Assigned task →
Copying rule for the data below: take the line containing "The Konrad-Adenauer-Stiftung, its" and every line after it to the end, exactly, and drop all pictures.

(Dataset excerpts)
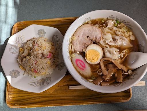 Read more2023/10/14 以前から行ってみたいお店でした。11:40到着で既に待ち人あり。ネットで調べても情報が少なく開店時間も11:30と言う情報があったので、開店時間目掛けて行った割には待つと言う。帰り際に確認したら111時開店。現在はお昼しか営業してなく13:30までだそうです。ご夫婦2人での厨房、フロアのワンオペゆえ、着席、着丼までは少々時間がかかります。次から次へと来客があり、1人で片付けているのを見ると思わず手伝いたくなります。大通りに面してるでもなく、幹線道路に面してるでもないのにあれだけ来客があるのは、ひとえに安くて美味しいからだと思います。お会計の際、またお願いしますとのお声を頂きましたが、奥様のワンオペを見るのは辛いかな?と思ってしまいます。ワンタン麺もチャーハンも美味しかったです。次はエビラー...
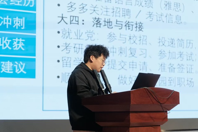 马成系统阐述了自己从大学初期探索到毕业阶段冲刺的完整发展路径。他强调“学业乃立足之本”,建议同学们要明确核心目标,聚焦专业发展。在考研备战方面,他提出应理性看待备考过程中的不足,通过正向激励机制与科学放松,保持稳定的心理状态。
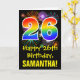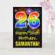 The front of this exciting, colorful, and fun birthday-themed greeting card design features a large number "26" having a rainbow spectrum gradient inspired pattern. It also features the message "Happy 26th Birthday,", and an editable recipient name. The front additionally has a colorful background pattern inspired by the look of bursting celebratory fireworks. The inside features a custom birthday greeting message, or could perhaps be cleared and left blank if a message is to be written by hand instead. A personalized birthday card like this might be a fun way to send a message in celebration of somebody’s twenty sixth birthday. [~Z0000442]
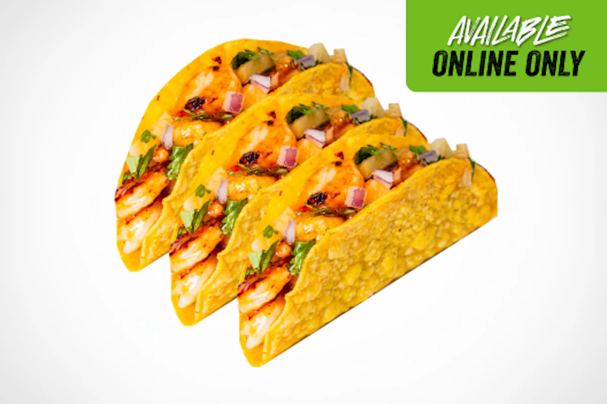 Double the shrimp, double the flavor. Three crunchy hard shell tacos loaded with extra sweet chili-glazed shrimp, pineapple salsa, cilantro and cheese. Served with a side of chips and salsa.
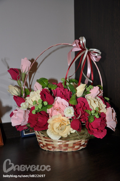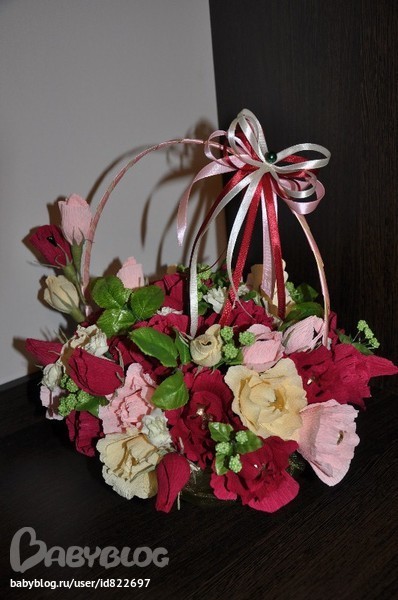 Хорошенькая корзиночка получилась! Только не пойму-у вас цветочи из креп-бумаги?
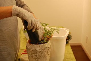 午前中は、ブラックチューリップの隠し球根を入れてビオラのブリコラージュ♪
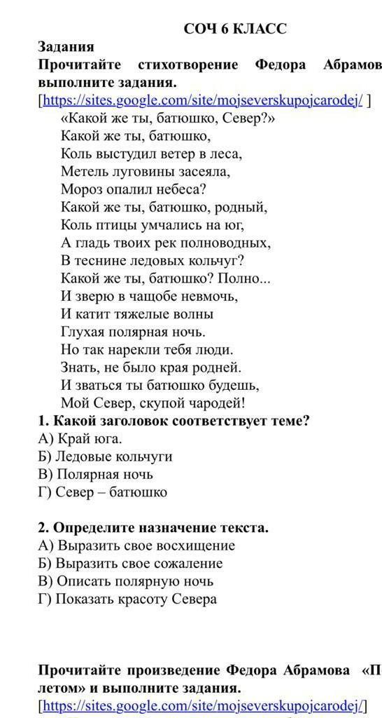 Мне кажеться в этом тексте очень хорошо переданна красота Севера. Автор называет север батюшкой. Поэтому я и решила назвать его север батюшко и писатель рассказывает как же красив север имнно из-за этого я ришила что это я решла что определения текста это показать красоту Севера.
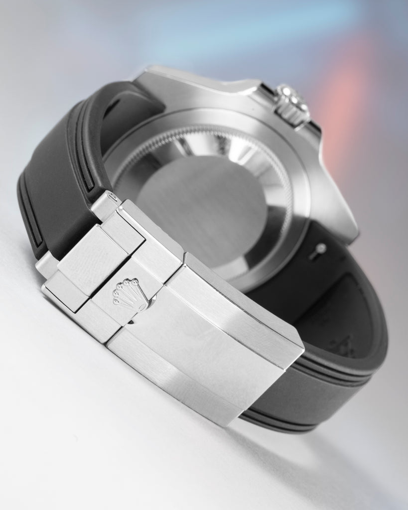 42mm 18K white gold case, screw-down back, screw-down crown with triplock triple waterproofness system, bidirectional rotatable 60-minute graduated bezel with matt black cerachrom insert in ceramic, polished raised numerals and graduations bezel, scratch-resistant sapphire crystal with cyclops lens over the date, falcon’s eye dial, Rolex calibre 3235 perpetual self-winding movement with centre hour, minute and seconds hands, instantaneous date
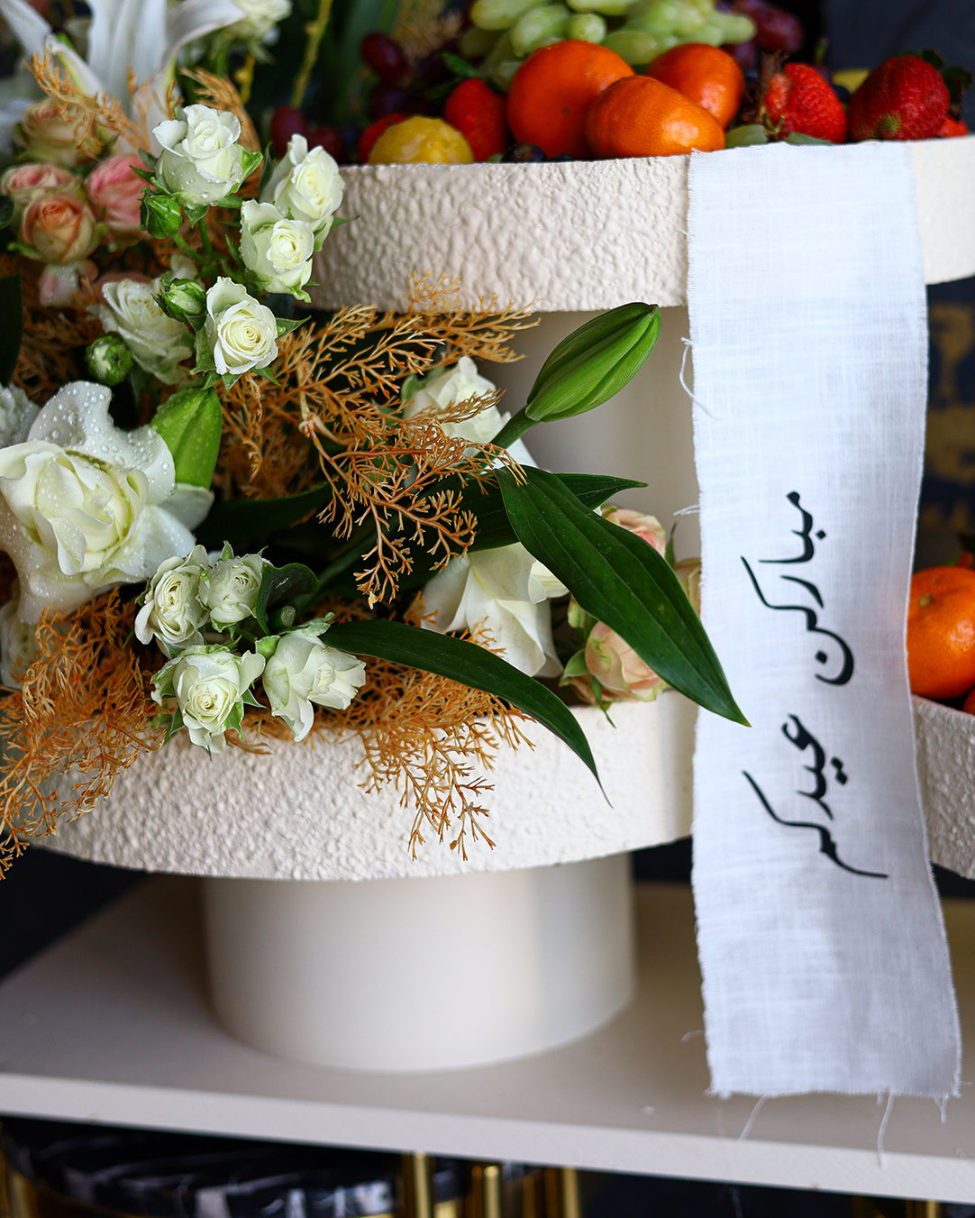 Perfect for family visits, Eid gatherings, and sophisticated gifting, this arrangement brings together beauty and freshness in one luxurious presentation.
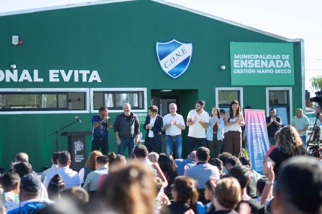 Este martes 30 de septiembre en un acto encabezado por el intendente Mario Secco y el gobernador de la Provincia, Axel Kicillof, se llevó adelante la inauguración del Complejo Deportivo y Salón de Usos Múltiples del Club Nacional Evita. Esta obra, ubicada en 19 y 6 (Punta Lara), cuenta con un amplio SUM que incluye baños, oficina, cocina y depósito. Además, el Municipio construyó una cancha de fútbol 11, un playón deportivo y se equipó la plaza Eva Perón con mesas, bancos, juegos y pérgola, en conjunto con trabajos de forestación y colocación de luminaria LED.
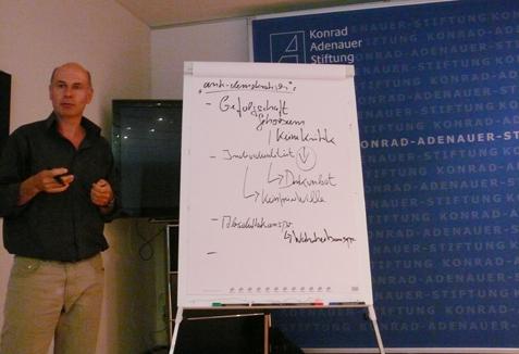 The Konrad-Adenauer-Stiftung, its educational institutions, centres and foreign offices, offer several thousand events on various subjects each year. We provide up to date and exclusive reports on selected conferences, events and symposia at www.kas.de. In addition to a summary of the contents, you can also find additional material such as pictures, speeches, videos or audio clips.
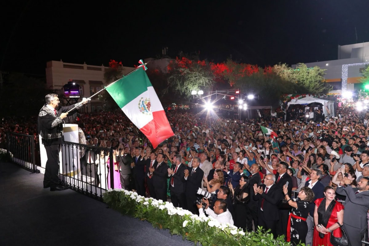 Miles de familias tamaulipecas se congregaron en la Plaza Juárez de esta capital para conmemorar el 215 aniversario del Grito de Independencia, acto encabezado por el gobernador Américo Villarreal Anaya, quien en su arenga vitoreó a nuestros hermanos y hermanas migrantes, a la honestidad y la justicia, y a los independentistas tamaulipecos.
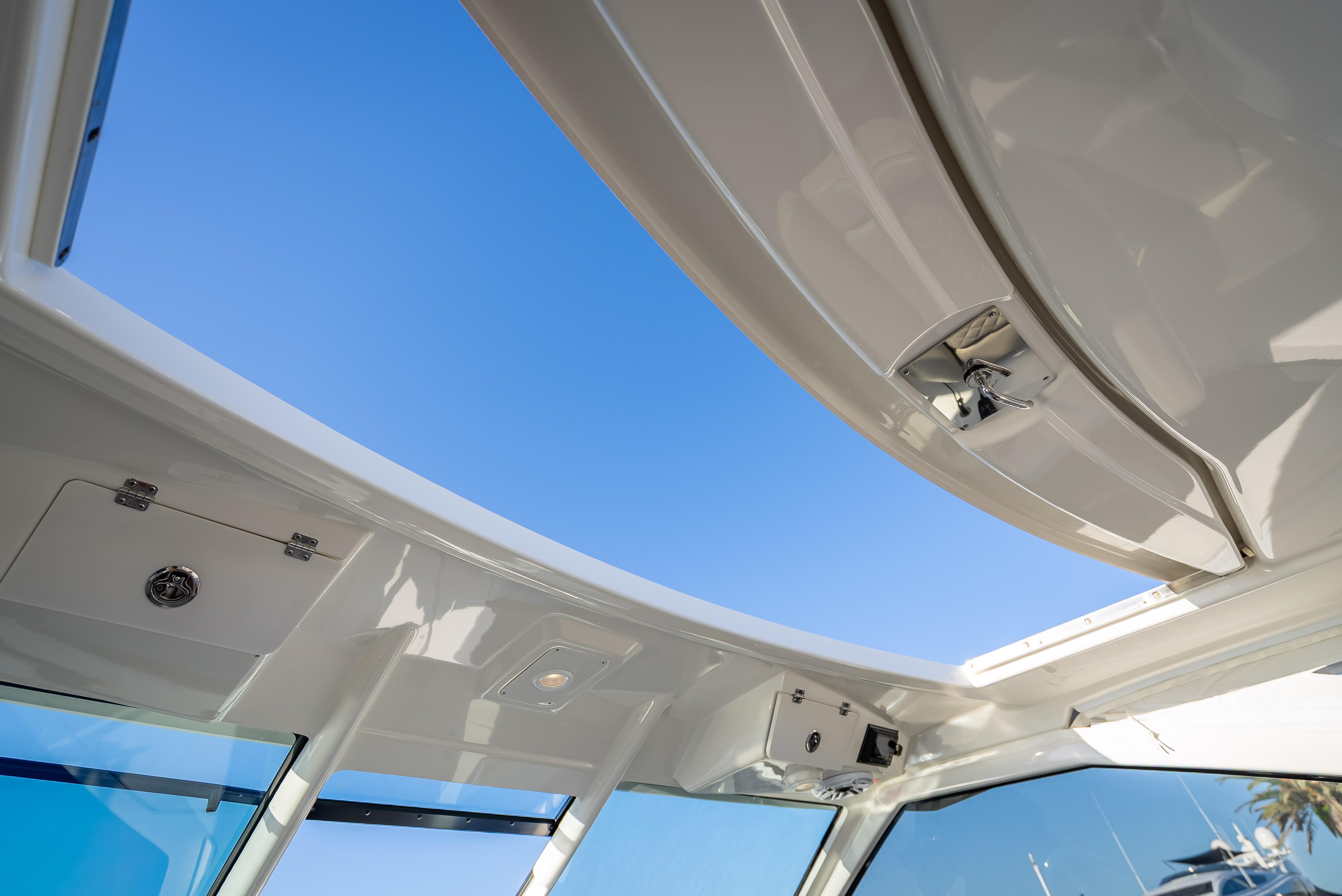 - Custom Tempered Glass Windshield System with Fiberglass Side Frame, Fwd Aluminum Bow Access Walk-thru
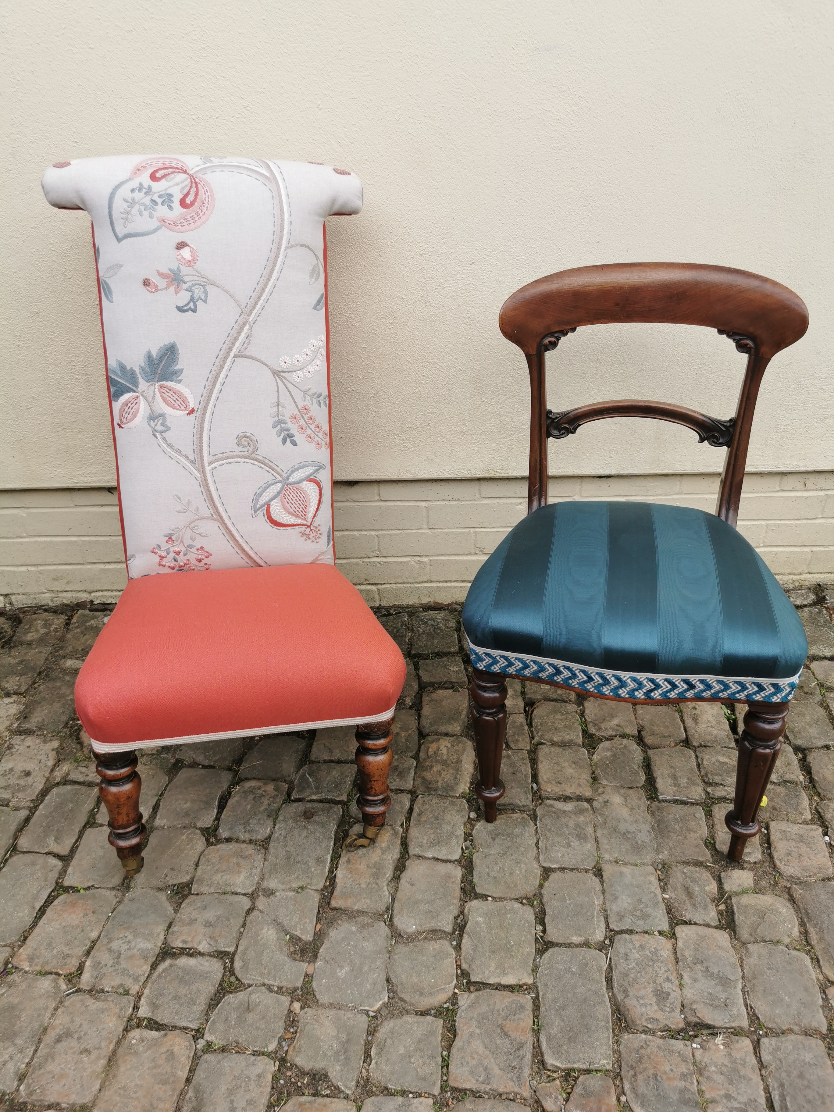 Fabrics can highlight the difference between two chairs even if they look similar, however cover them in the same fabric in a similar style....

Solved problem →
 The Konrad-Adenauer-Stiftung, its educational institutions, centres and foreign offices, offer several thousand events on various subjects each year. We provide up to date and exclusive reports on selected conferences, events and symposia at www.kas.de. In addition to a summary of the contents, you can also find additional material such as pictures, speeches, videos or audio clips.
 Miles de familias tamaulipecas se congregaron en la Plaza Juárez de esta capital para conmemorar el 215 aniversario del Grito de Independencia, acto encabezado por el gobernador Américo Villarreal Anaya, quien en su arenga vitoreó a nuestros hermanos y hermanas migrantes, a la honestidad y la justicia, y a los independentistas tamaulipecos.
 - Custom Tempered Glass Windshield System with Fiberglass Side Frame, Fwd Aluminum Bow Access Walk-thru
 Fabrics can highlight the difference between two chairs even if they look similar, however cover them in the same fabric in a similar style....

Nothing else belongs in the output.